Веблен фокусируется на цене экономической – предположительной неспособности модно одетой женщины к труду, что повышает дороговизну ее содержания, а следовательно, и ее значимость как статусного символа для мужчины – «владельца». Однако комфорт, а точнее дискомфорт, самой женщины, превращенной в изящную безделушку, также становится предметом обсуждения как с психологической, так и с физической, медицинской точки зрения: «Корсет с точки зрения экономической – это по существу своему увечье, переносимое с той целью, чтобы понизить жизнеспособность женщины и сделать ее явно и постоянно непригодной к работе» (Веблен 1984: 187–188). Резюмируя рассуждения Веблена об «одежде как выражении денежной культуры», за выводимой им на первый план экономической логикой нетрудно разглядеть дарвиновское противопоставление естественного и полового отбора, нужд выживания и привлечения партнера. Причем противопоставление это оказывается многократно усилено, фактически накладываясь на дихотомию природы и культуры, которая для Дарвина была гораздо менее актуальна. Напротив, как мы видели выше, мода выступала у него аналогией природных процессов и реализацией естественных склонностей.

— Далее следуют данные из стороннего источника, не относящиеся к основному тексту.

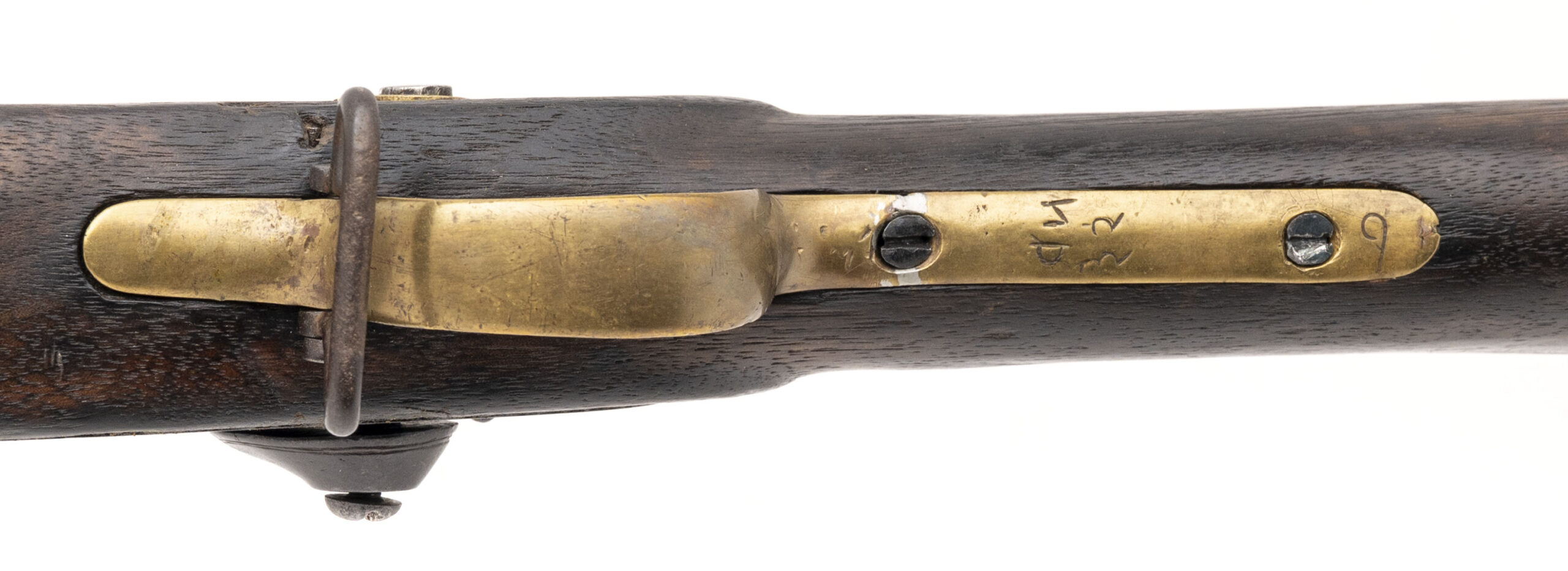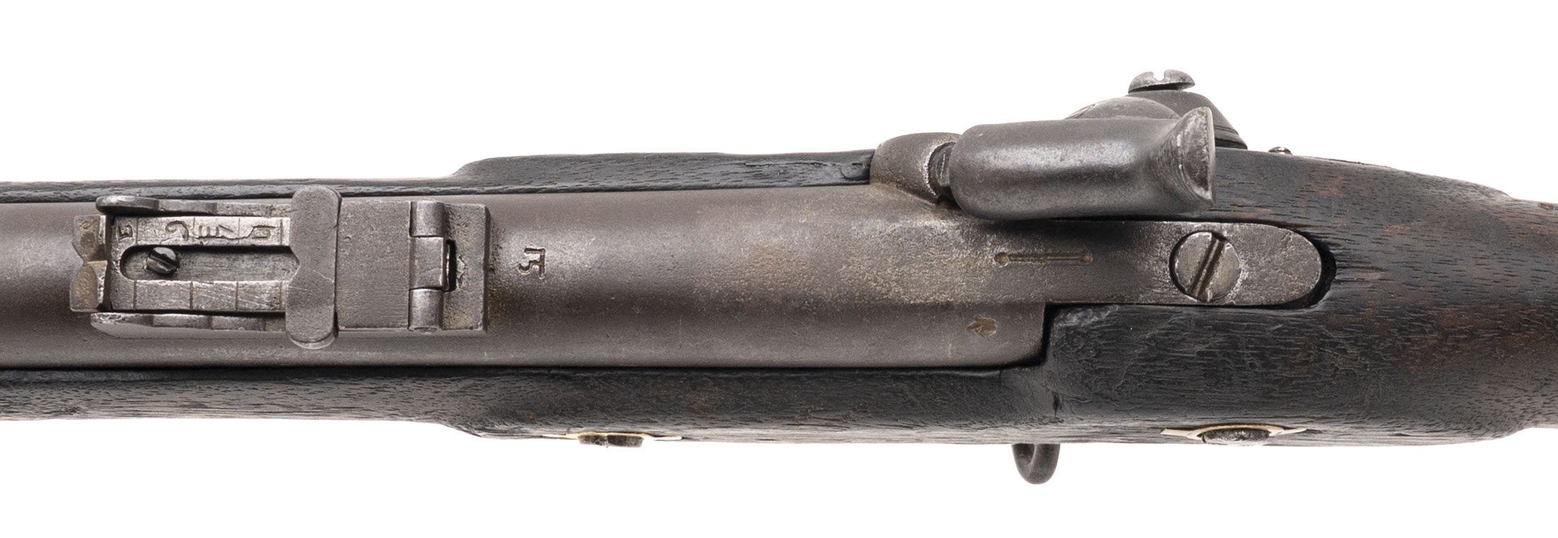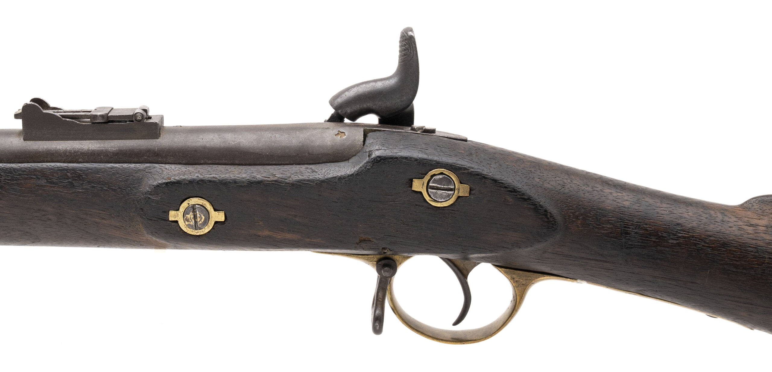 NSN, manufactured circa 1850s–1860s, .577 caliber, 39” round barrel. Metal surfaces show a smooth brown patina. Brass furniture has developed a pleasing aged finish, with Nepalese writing visible on the trigger guard. Stock is in good condition with light handling impressions throughout. Action holds at both half and full cock.

Впоследствии вебленовский взгляд на моду как на инструмент инвалидизации женщины, чья привлекательность неотделима от ее зависимого положения, становится центральным элементом феминистского дискурса[27]. Характерен следующий фрагмент из знаменитой книги Симоны де Бовуар «Второй пол»: «высокие каблуки, корсеты, фижмы, панье, кринолины были призваны не столько подчеркнуть линию женского тела, сколько сделать его еще более бессильным. Отягченное жиром или же, наоборот, полупрозрачное, неспособное ни на какие усилия, парализованное неудобной одеждой и правилами благопристойности, оно в самом деле представляется мужчине его собственностью» (Бовуар 1997: 200–201). Как и в работах Дарвина и в текстах его последователей из числа публицистов XIX века, женская красота здесь выступает результатом «селекции», осуществляемой мужчинами, тем самым удаляясь от «естественных» параметров. Однако при этом анализ де Бовуар достаточно нюансирован: она показывает, что «естественная красота» является не утраченным под давлением патриархальных норм исконным состоянием женщины, а, напротив, патриархальной фикцией и фантазмом. «Мы приходим, таким образом, к странному парадоксу: желая в женщине ухватить природу – природу преображенную, – мужчина обрекает женщину на искусственность» (Там же: 201–202). В отличие от де Бовуар, позднейшие поколения феминистских теоретиков (представители второй и третьей «волн» феминизма) в большинстве своем фокусировались на искусственности моды, превознося «естественное состояние» женщины, в котором они отказывались видеть социокультурный конструкт (Church Gibson 2000: 350–352).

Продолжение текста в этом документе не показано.